Talk to a lawyer. But also, make plans to leave that job soon and go somewhere with a reasonable IP agreement.

I'm not a lawyer, but first clause and it's variations are common in contracts and it's ment to protect the rights of company for IP developed at work.

It definitely is not ment to apply to things u do in your free time. As long as you do your stuff on your own hardware, it does not relate to IP or source code your employer owns, or does not provide competing services to your employer's customers, I don't see how your boss interprets that clause in such a way.

In addition I would check how 'work' is defined in your contract, since you are in EU as I am, I believe it usually mentions place where work is performed and work time from - to, work load (how many hours) and description of work. If the contract defines 'work' as any activity you do in your life that would be pretty jaw dropping.

It doesn't say anything about location or work hours in the contract. (I guess to avoid responsibility for periods of crunch)
It's not just crunch, it's to have the ip rights for anything you create during your downtime they might want to use/sell.
is this a contract with US or company outside of EU? the contract should mention the court jurisdiction in case of a legal dispute, my contracts in past always mentioned it
> What would the process look like if I released a "competing" app independently, and the company wanted to take it down?

If you have inside knowledge (ie not otherwise available) of your employer's app you might be on shaky ground, employee or not.

It’s not enforceable if the employer cannot prove beyond reasonable doubt that you have used company resources on it. Time, hardware, IP, skills, domain knowledge.

First three are obvious but you can be put on the hook for using skills and understanding obtained on company dime, too.

It depends on what state's or country's laws the contract is signed under. Some jurisdictions are more unreasonable (from engineer's perspective) than others.
Based. If what you're working on isn't even within the same realm as corporate, why should they care? Build it, get a new job, and release it. Stop letting corporate take what isn't theirs
No jurisdiction uses "beyond reasonable doubt" as the standard of proof for contract disputes.

The process is the punishment: their license to sue is typically enough to force you to disgorge any IP rights -- unless you have free attorneys.

As an employee you have a duty of loyalty to your employer. I’m not sure about side projects generally, that is probably a Cyprus specific question. But I’d be shocked if it’s legal anywhere to release a product that competes with what you work on at your job. That’s just common sense. You would likely be violating not just your employment contract, but also trade secret, copyright, patents, etc. This is egregious enough behavior to even be criminally charged in many places.
'As an employee you have a duty of loyalty to your employer'

Incredibly naive if someone does this. In a employee/employer relationship, I believe one should only be loyal to themselves. Again, have integrity and don't steal stuff, but be loyal to yourself.
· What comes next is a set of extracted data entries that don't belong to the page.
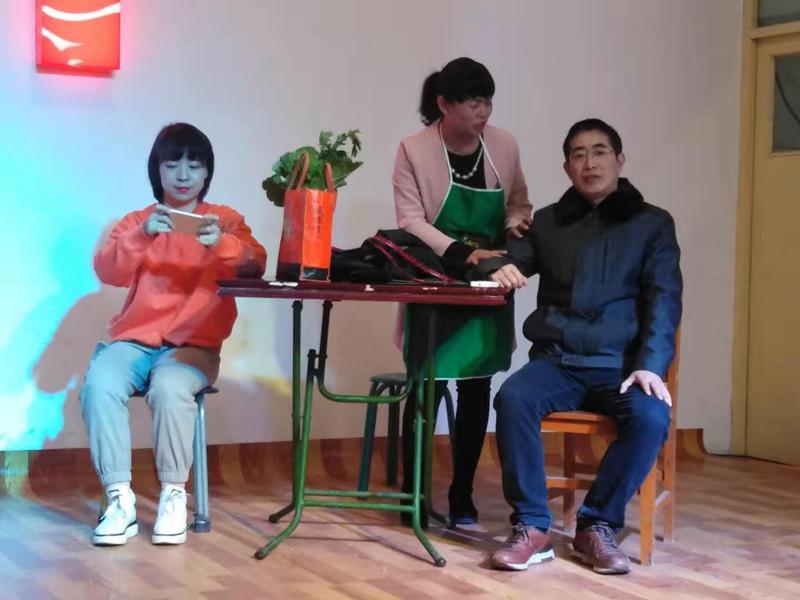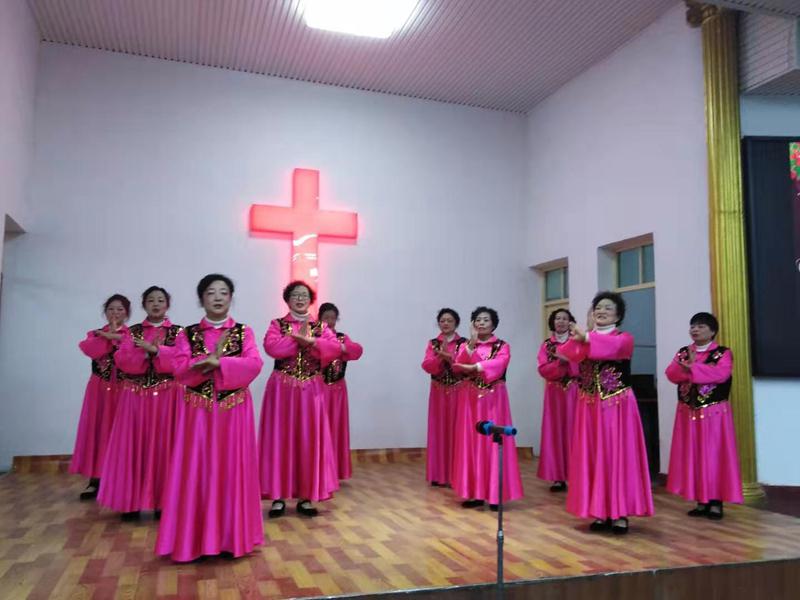 下午13:30,开始了他们的圣诞节崇拜赞美。节目形式多样,内容丰富多彩。十三个文艺节目在王云英姊妹独特风格的主持下有序登台演出。有老年诗班的两个快板,有刘淑兰、杜玲两位姊妹分别领队的两个小品;还有董全爱、陈宝芬、姊妹带队及紫塬小组姊妹们配合演出的九个舞蹈节目。尤其值得一提的是《两个家庭》小品节目,内函深刻、喻义悠远。一个家庭信主、靠主,另外一个家庭只有母亲信主,女儿、丈夫不信主。当洪水来临后,信主的一家三口全部得救;而另外一个家庭只有信主的母亲得救,没有信主的女儿、丈夫被洪水卷走,家破人亡。
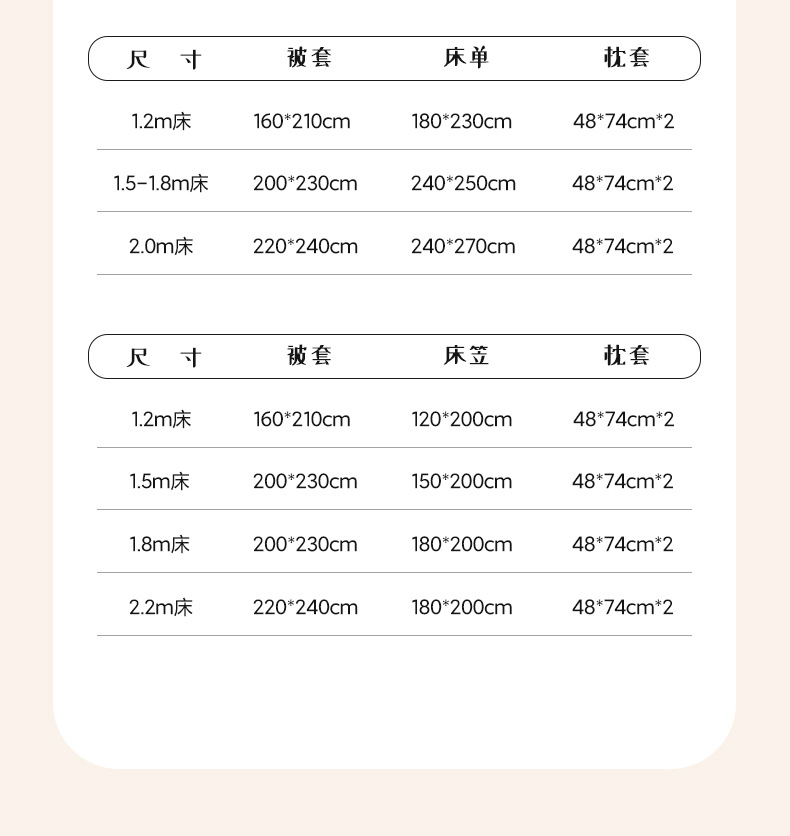| Especificaciones de tamaño | Cama de 0,9 m [Juego de sábanas de cuatro piezas] Adecuado para edredón de 150x200cm,Cama de 1,2 m [Juego de sábanas de cuatro piezas] adecuado para núcleo de edredón de 150x200cm,Cama de 1,5 m [Juego de sábanas de cuatro piezas] Adecuado para edredón de 200x230cm,Cama de 1,8 m [Juego de sábanas de cuatro piezas] adecuado para edredón de 200x230cm,Cama de 2.0m [Juego de sábanas de cuatro piezas] Adecuado para edredón de 220x240cm,Cama de 1,5 m [juego de cuatro piezas de sábana] adecuada para edredón de 200x230cm,Cama de 1,8 m [juego de cuatro piezas de sábana] adecuado para edredón de 200x230cm |
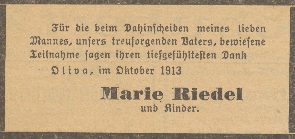 Maie Riedel. Olivaer Nachrichten nr 128 z 30. 10. 1913 r. Ze strony Polona.pl.
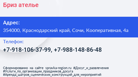 Бриз, ателье по адресу 354000, Краснодарский край, Сочи, Кооперативная, 4а в дальнейшем Организация, размещена в следующих категориях:
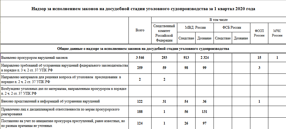 Надзор за исполнением законов на досудебной стадии уголовного судопроизводства за 1 квартал 2020 года
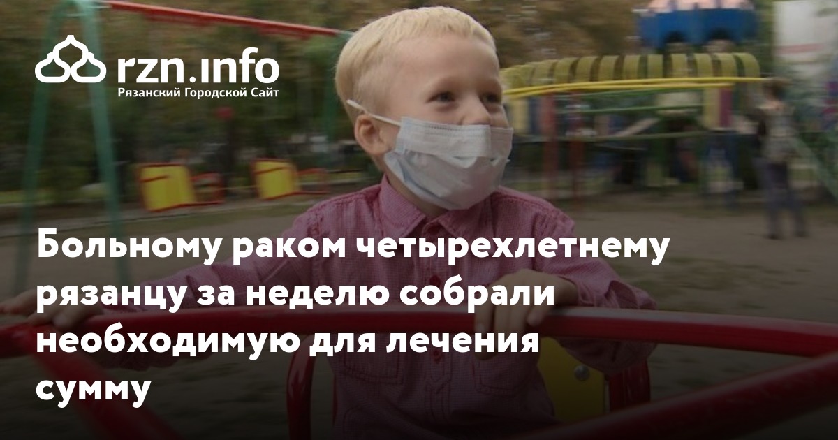 Больному раком четырехлетнему рязанцу за неделю собрали необходимую для лечения сумму. Об этом сообщил телеканал «».
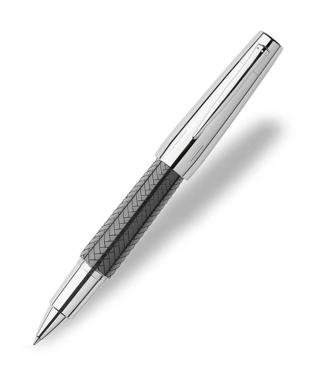 The Faber-Castell e-motion rollerball pen in Black Parquet has a subtle parquet design engraved into the glossy black lacquer barrel resulting in a stunning pen that is complemented by polished chrome appointments. Shaped almost like a cigar, it has a subtle refinement that is sure to please the writer.
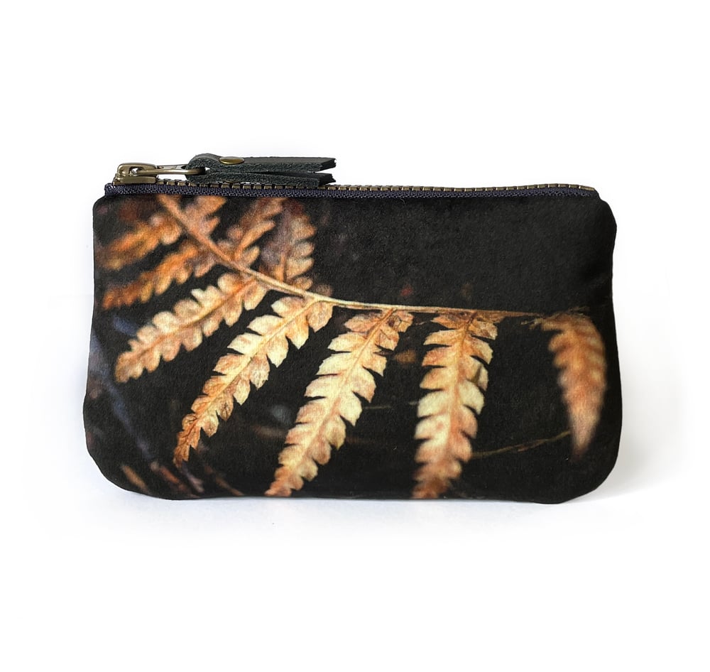 A golden fern frond print features on both sides of this velvet zipper purse. Large enough for coins, cards, glasses, keys - those smaller everyday treasures.
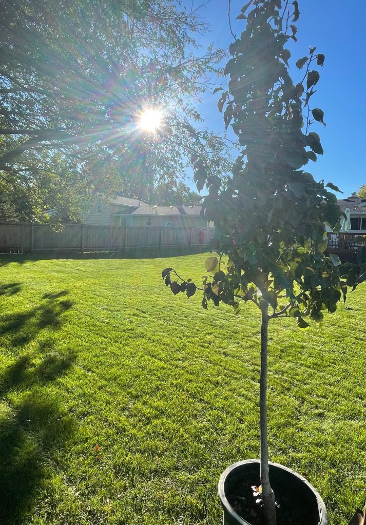Besides that, the big event of the weekend is that we planted a new tree!! Yay! I’d been wanting to get one in the ground in this opening in our back yard, but we kept stalling. Finally I made the wheels turn and this happened (just in the nick of time, because winter will be coming soon….) My Dad came to pick up my mom and helped Ivan haul the tree and dig the hole, etc. I supervised. 😉
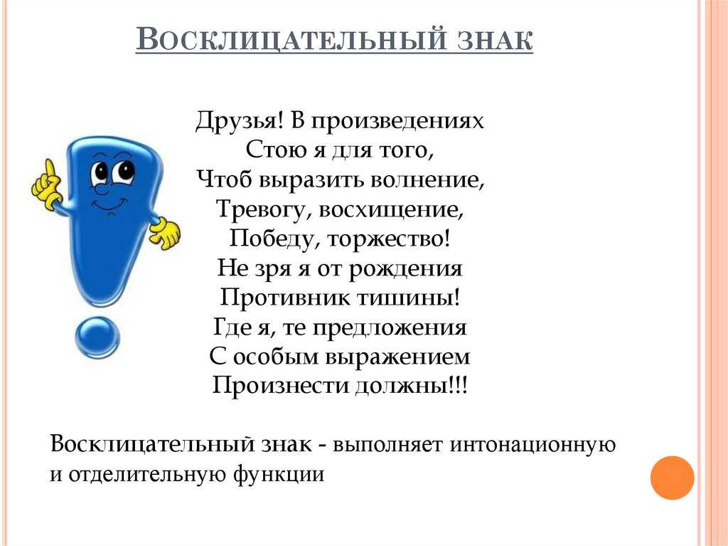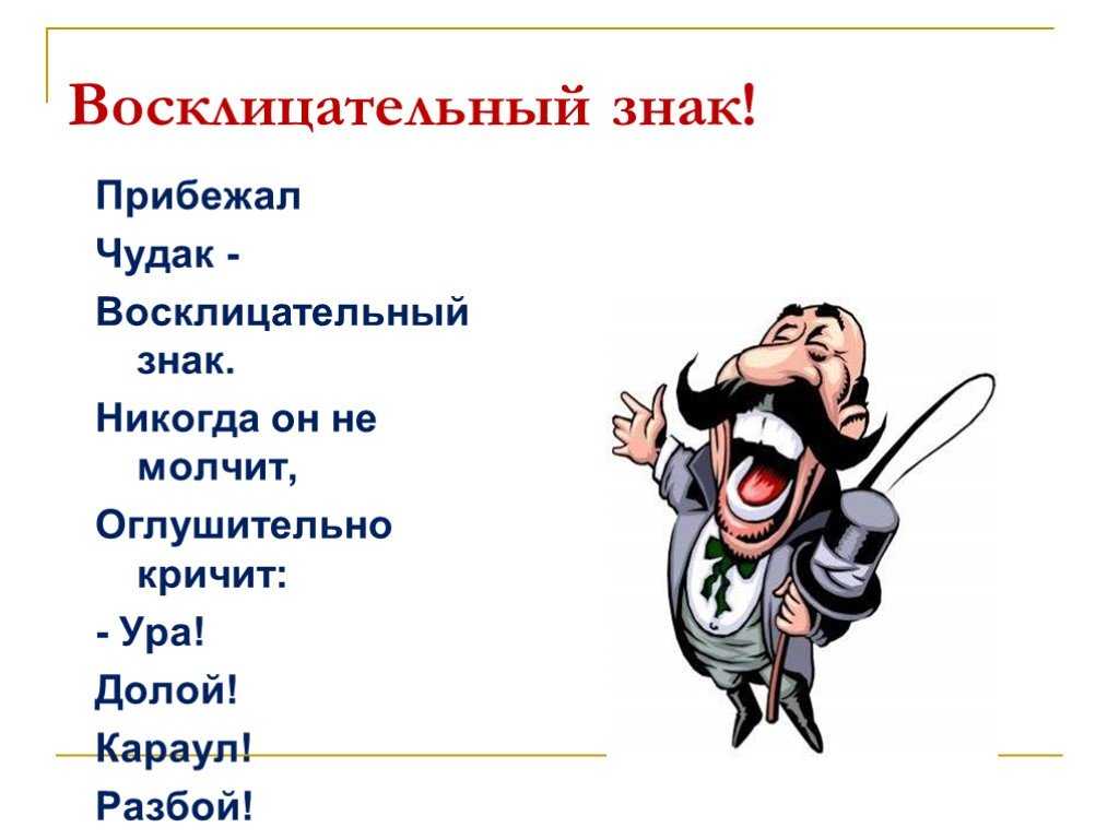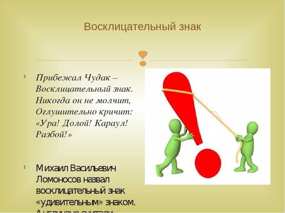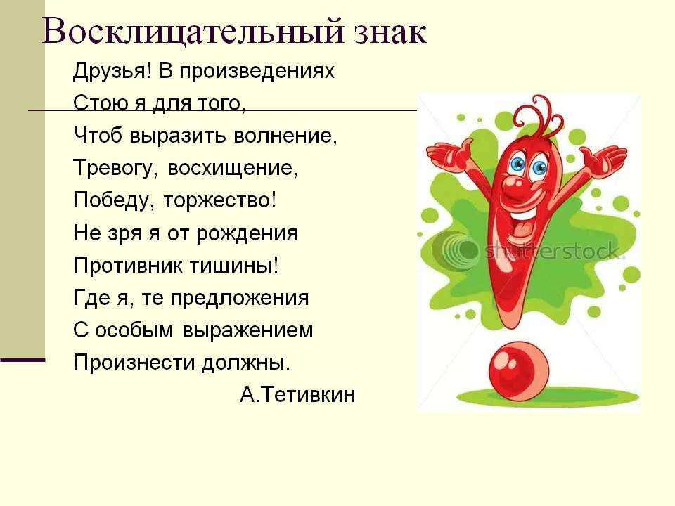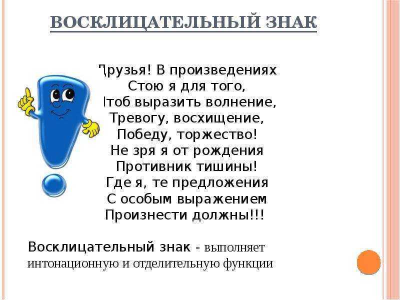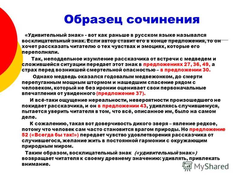 Жил на свете восклицательный знак! Он всегда стоял в конце предложения, но не во всех предложениях, а только в восклицательных и побудительных! Ещё жил на свете мальчик (имя можно придумать) Петя, он был двоечник и не хотел учится. Однажды он писал сочинение «Как я провёл свои летние каникулы». Петя написал: «Однажды я поехал на море. И в море плавала акула.» Петя поставил точку в конце предложения, а нужно же восклицательный знак! Петя принёс сочинение в школу и опять получил 2! И тогда Петя понял, что в некоторых предложениях нужно ставить восклицательный знак, а иногда даже вопросительный.

This is a legal concept. You have to be loyal to your employer. You can’t intentionally undermine their business, charge them for hours you didn’t work, etc. It doesn’t mean that you have to go out of your way to advance their ends.
Which jurisdiction, can you cite precedent?
Quick Google shows this to be true in common law jurisdictions and every civil law jurisdiction I saw relevant information on.
Maybe the word "loyal" is confusing here. I'm not aware of any legal requirement for loyalty. There's a legal prohibition against fraud and such, though.
It is literally called a duty of loyalty in many legal systems. Something you could have easily confirmed with a quick Google search in half the time it took to write your comment.
Hmm yes, in the same way they are loyal to employees despite being able to fire them with no notice? Terrible ideology.
You can't post like this to HN, and since you've been doing it a lot, I've banned the account. Please don't create accounts to break HN's rules with.

If you don't want to be banned, you're welcome to email hn@ycombinator.com and give us reason to believe that you'll follow the rules in the future. They're here: https://news.ycombinator.com/newsguidelines.html.

> But I’d be shocked if it’s legal anywhere to release a product that competes with what you work on at your job.

That happens everyday. In fact most companies are found by people who already work in the industry. You simply should not steal trade secrets, copyright or patents.

Everything can be a trade secret. They’re not labeled with a stamp that says “Trade Secret”. If you’re working on a direct competitor to something you make at work, you are almost certainly stealing trade secrets without even realizing.
A few comments here point the OP/ hint to the OP that a lawyer be consulted. This is likely a good move.

1. Is it possible to explore obtaining an agreement from the company that the lawyer's bill (probably won't be more than two hours' worth of lawyer time) be foot by the company?

2. Independent of (1), and under general circumstances (not violent boss, etc.), should OP relate his lawyer's interpretation to his boss & company? (I'm guessing that most^ would answer this with a no -- boss is not going to follow OP around on the weekends to monitor his side project's progess).

^most who aren't bosses (hah)

Presumably, the side project you want to work on is valuable. It's worth paying the lawyer out of your own pocket -- you want the lawyer to be working for you, not the employer. And the lawyer should not also be a lawyer of the company -- the lawyer should not have a conflict of interest.
Yes, any project that you create while you are employed by the company, company time or your time, belongs to them. That's what you agreed on when you signed the contract.

That's why you hear about some tech founders offering their side project to the company they work for before they continue with their venture. The company can decide to keep it or you can agree with the company that they don't want it and you can keep it.

In theory, they can sell you the rights to your own project if that's what they want to do. It's what you agreed to in your contract.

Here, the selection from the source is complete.